Goal for this project is to get to know Multiprocessor systems, OpenMP and OpenCL, while comparing performance of a CPU and GPU, as well as comparing OpenCL and Tensorflow. Multilayer Perceptron implemented in bare C, OpenMP and OpenCL. Three fully connected layers are used. Problem is classification of a handwritten numbers, MLP is trained with Tensorflow's MNIST dataset. Only forward propagation is implemented for now.
Wiki will contain theoretical knowledge and methodology, so feel free to check it out.
- Python3 depencencies are noted in python_training/requirements.txt file
pip3 install -r python_training/requirements.txt
- Requires libpng to be installed
Ubuntu: apt install libpng-dev
- OpenMP and OpenCL should be installed on system
To check if OpenCL drivers and devices exist, one can use: clinfo package
To test everything with default setup just run command:
make train default_test
This command will train default network, compile code, download test image and run Single Core test, MultiCore OpenMP test and OpenCL test, if all dependencies are satisfied.
If not using OpenCL, just testing single core vs multi core CPU performance run following command:
make train
make run_single_core # For single thread
make run_openmp N_THR=4 # For 4 thread test
Checkout file tree structure below. Everything is done by using make commands.
Configuration of a network is done by using <network-name>.conf file (template default.conf is provided).
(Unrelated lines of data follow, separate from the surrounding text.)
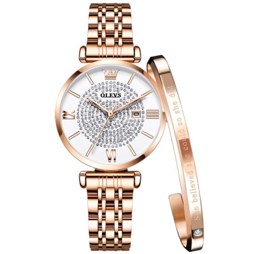 OLEVS Women's Watch, Simple and Casual, Date Display, Waterproof, Rose Gold with Diamond Dial, Double-Flip Closure, Wine Red, Gift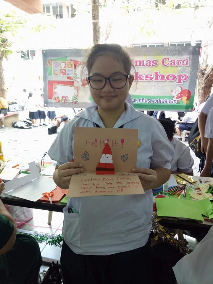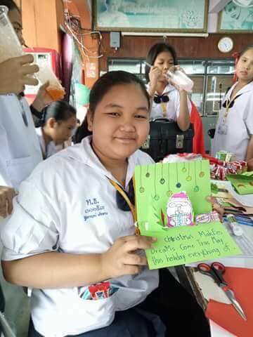 The program consists of four activities: 1. Christmas advent calendar 2. Christmas card workshop 3. Christmas word search and 4. Christmas quiz with first year students in English. Miss Nattaphit Srichum, Mr. Yosep Dulyapon, Miss Sottabongot tirapalika and Ms. Supatta somnug. joined the mentors for the students.
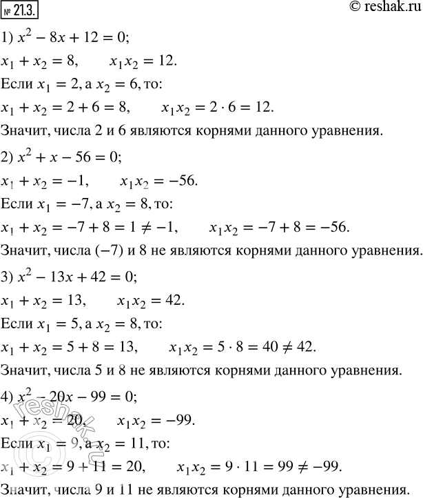 21.3. Применяя теорему, обратную теореме Виета, определите, являются ли корнями уравнения: 1) x^2-8x+12=0 числа 2 и 6; 2) x^2+x-56=0 числа (-7) и 8;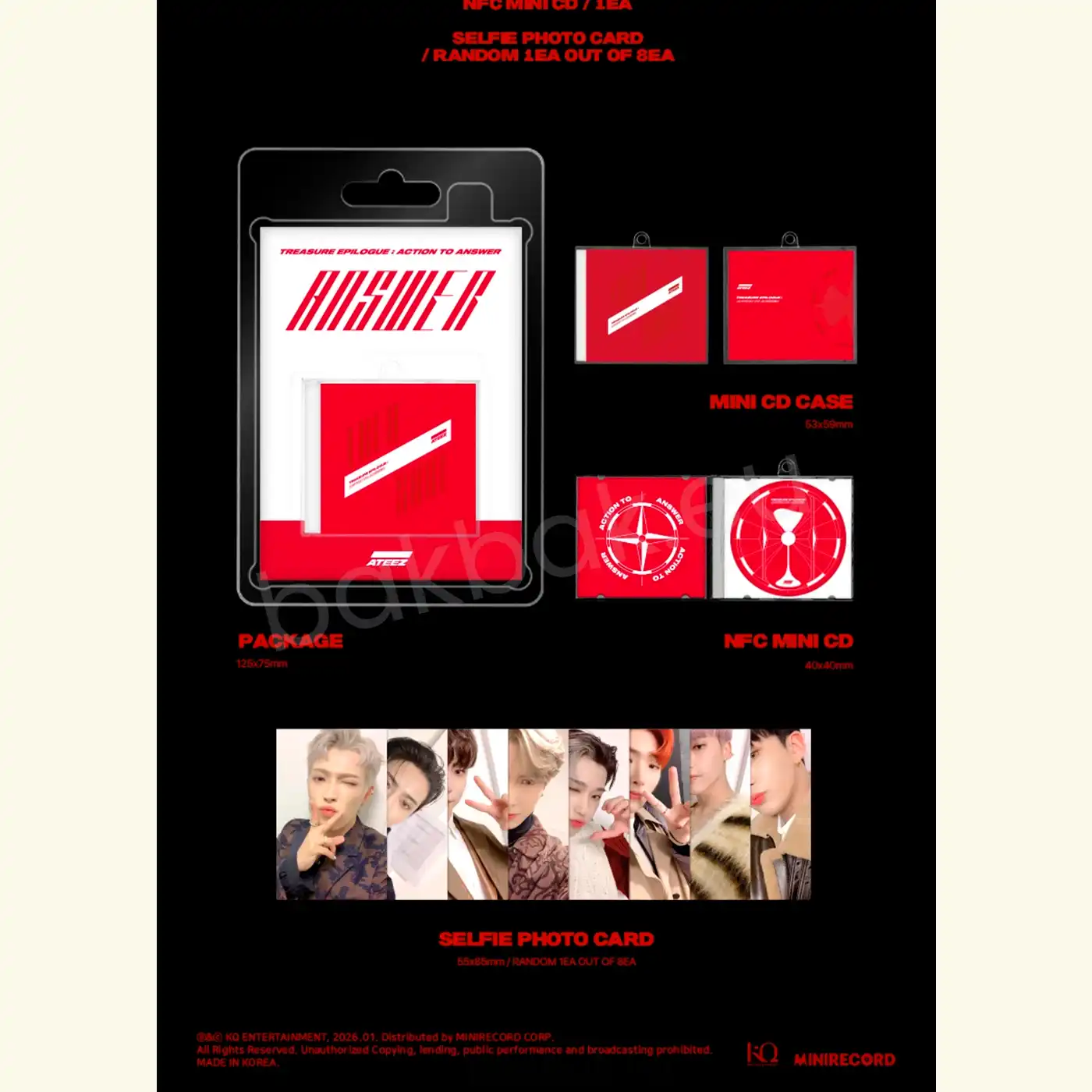 • 1x Selfie Photocard (55 × 85 mm / Random / Different per ver.)

One should not change the form of a file, just add/remove layers.
When particular network is used, please provide every make command with CONF=<network-name>.conf variable.
4 - number of layers
Size | Type
784 - input
256 - fully connected
128 - fully connected
64 - fully connected
10 - output (softmax)
Network is trained on MNIST dataset, which is automatically downloaded when needed.
In order to train network use make train command. For example to train network for 5 epochs and if network is defined in mlp.conf file, one should use:
make train CONF=mlp.conf EPOCH=5
If no CONF is provided, default.conf is used and trained for 2 epochs.
To build C code, just run make in root directory.
Before running program, please make sure that the network is trained (by checking parameters/ dir for <network-name>_weights.bin file.
There are few options on what to run:
make run_single_core
make run_openmp
make run_opencl
To choose on which image (28x28 .png) network will be used, one can set variable IMG=<path_to_image>/image.png.
To download 10 test images run: make download_test_pics
For example to use network default.conf on image ~/images/example.png using single core and multicore (6 threads OpenMP):
make run_single_core run_openmp CONF=default.conf IMG=~/images/example.png N_THR=6
To clean compiled files run make clean command.
To clean everything except original source files run make clean_all command. This will wipe out all parameters, test files, downloaded MNIST dataset etc.
|-- c_implementation
| |-- load_parameters.c
| |-- load_parameters.h
| |-- makefile
| |-- opencl_implementation
| | |-- makefile
| | |-- new_kernel.cl
| | |-- opencl_mlp.c
| | |-- opencl_utils.c
| | |-- opencl_utils.h
| |-- read_image.c
| |-- read_image.h
| `-- simple_mlp.c
|-- default.conf
|-- LICENSE
|-- makefile
|-- python_training
| |-- makefile
| |-- mnist_train.py
| `-- requirements.txt
`-- README.md
Hypothesis 1: MLP on CPU programmed with OpenMP will run faster than MLP programmed in bare C
Hypothesis 2: Every implementation on GPU will run faster than any implementation on CPU
Hypothesis 3: Size of a network (ie. number of layers and operations that are needed to be calculated) greatly impacts the speedup of GPU implementation. Larger networks should get more speedup than smaller when network is beeing run on GPU.
Hypothesis 4: Implementations in OpenCL and Tensorflow should be comparable. Tensorflow will be probably a bit faster, since this project is not about trying to optimize as much as possible.
- The network is trained in Tensorflow.
- The MLP algorithm is written in bare C, for CPU, without any parallelization.
- OpenMP is used for accelerating the C implementation, ran on CPU.
- OpenCL implementation, but ran on GPU.
- Comparison of results
- Conclusion
MLP on CPU programmed with OpenMP will run faster than MLP programmed in bare C
Speedup for OpenMP on CPU depends on the network size but generaly goes from 1.5 on two threads and small networks to around 5 on maximum thread number (Ryzen 5 2600x has 6 cores and 12 threads). This hypothesis is proved to be right.
Every implementation on GPU will run faster than any implementation on CPU
This hypothesis proved right again, but greatly depends on network size.
For small network where CPU speedup is 2.5, GPU speedup is 2.7. For smaller networks probably would be even worse.
But for large network where CPU speedup is 5, GPU speedup is 17.
Size of a network greatly impacts the speedup of GPU implementation
Size of the network indeed impacts the GPU implementation speedup. It goes from 2.7 on small network to 17 on large network.
Implementations in OpenCL and Tensorflow should be comparable
Need to check Tensorflow time so this stays unanswered for now. :(